INPUT DATA ::
== == ==
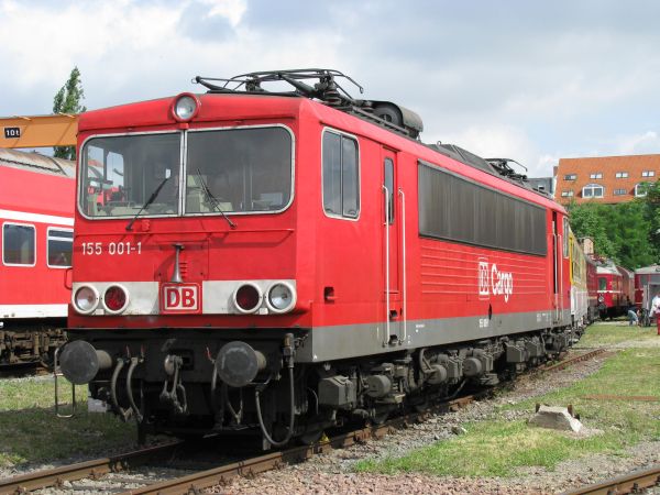155 001 Vorserienlok DB-Museum Halle / Saale 05.07.2008 Die drei Vorserienloks wurden 1974 an Halle P ausgeliefert. Die 001 wurde am 12.06.2006 in Seddin ausgemustert. Jetzt findet man sie wieder in Halle P, wie hier zum fünften Jahrestag der Gründung des Museums. |
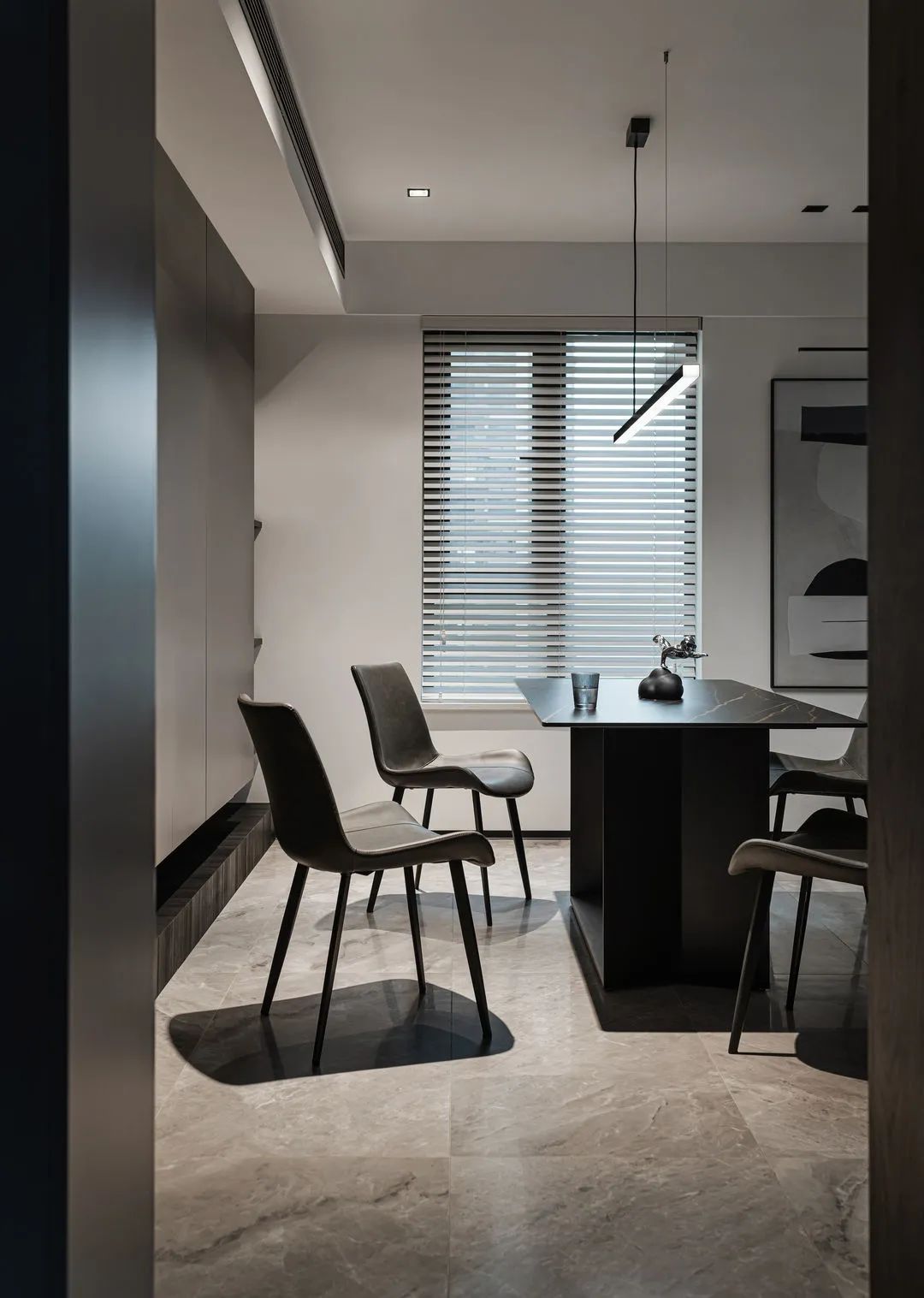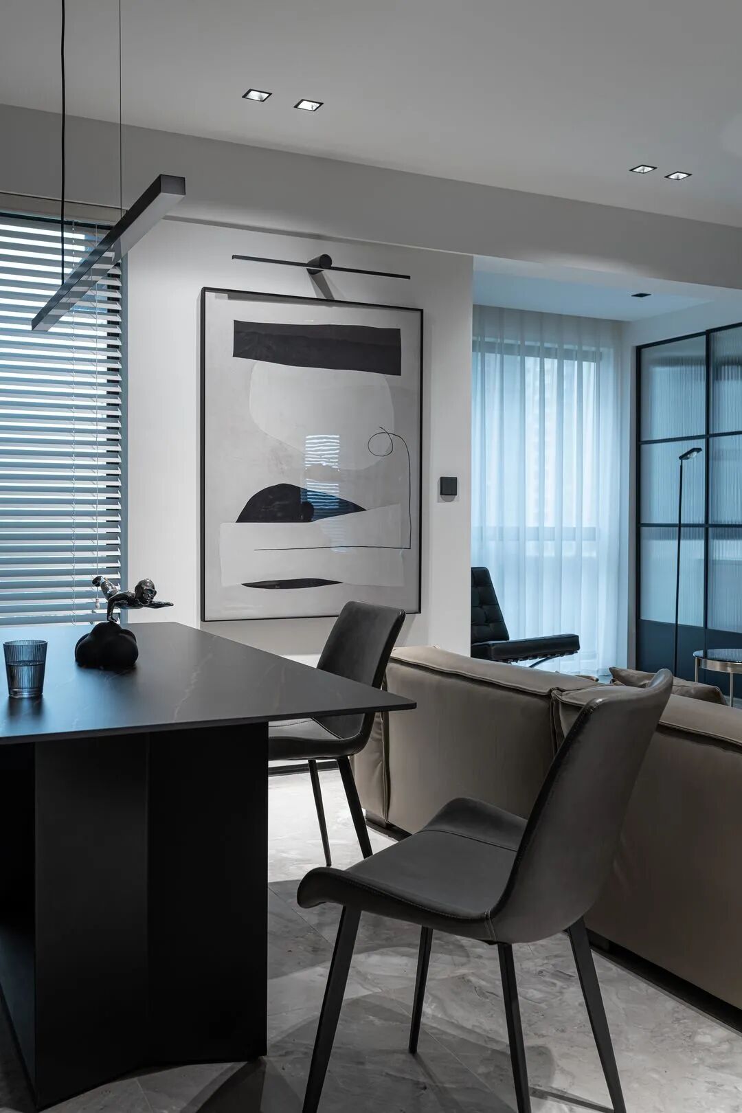 餐厅边柜开放式设计与白色百叶窗呼应,让餐厅变得更敞亮又舒心。随手可放一书一茶的不锈钢边几,让空间显得安静且质感。
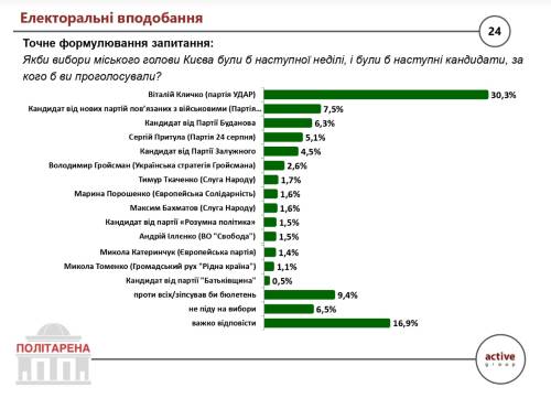 “Кличка готові підтримати 30,3% виборців – це найбільший відсоток серед усіх запропонованих кандидатів”, – відзначили в Active Group.
== == ==
TASK :: Give back the material word for word, leaving out its pictures.

REPLY TO THE EXERCISE ::
155 001 Vorserienlok DB-Museum Halle / Saale 05.07.2008 Die drei Vorserienloks wurden 1974 an Halle P ausgeliefert. Die 001 wurde am 12.06.2006 in Seddin ausgemustert. Jetzt findet man sie wieder in Halle P, wie hier zum fünften Jahrestag der Gründung des Museums. |
 餐厅边柜开放式设计与白色百叶窗呼应,让餐厅变得更敞亮又舒心。随手可放一书一茶的不锈钢边几,让空间显得安静且质感。
 “Кличка готові підтримати 30,3% виборців – це найбільший відсоток серед усіх запропонованих кандидатів”, – відзначили в Active Group.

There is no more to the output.